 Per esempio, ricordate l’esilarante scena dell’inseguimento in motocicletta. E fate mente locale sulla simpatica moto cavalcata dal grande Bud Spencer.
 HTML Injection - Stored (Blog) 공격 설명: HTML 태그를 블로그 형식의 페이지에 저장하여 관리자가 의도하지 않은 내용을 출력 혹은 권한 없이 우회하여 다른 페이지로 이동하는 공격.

--

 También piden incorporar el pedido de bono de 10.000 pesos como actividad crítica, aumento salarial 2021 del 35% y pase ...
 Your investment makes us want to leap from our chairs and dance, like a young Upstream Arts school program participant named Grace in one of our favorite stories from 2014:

==

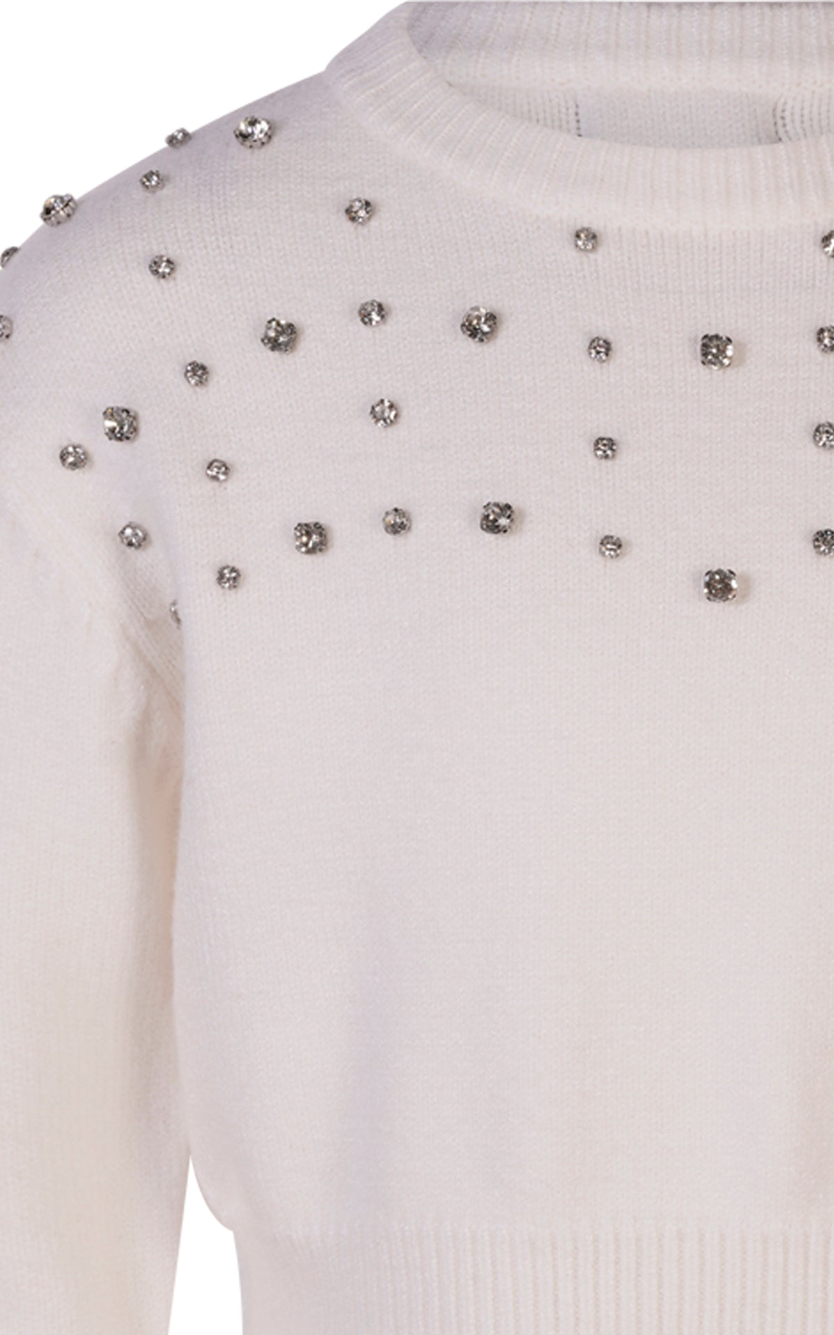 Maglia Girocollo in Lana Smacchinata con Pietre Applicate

# EXERCISE DETAILS
Copy back the listing above exactly, but only from the line with "También piden incorporar" through the line with "Your investment makes", both ends included.

# YOUR RESPONSE
 También piden incorporar el pedido de bono de 10.000 pesos como actividad crítica, aumento salarial 2021 del 35% y pase ...
 Your investment makes us want to leap from our chairs and dance, like a young Upstream Arts school program participant named Grace in one of our favorite stories from 2014:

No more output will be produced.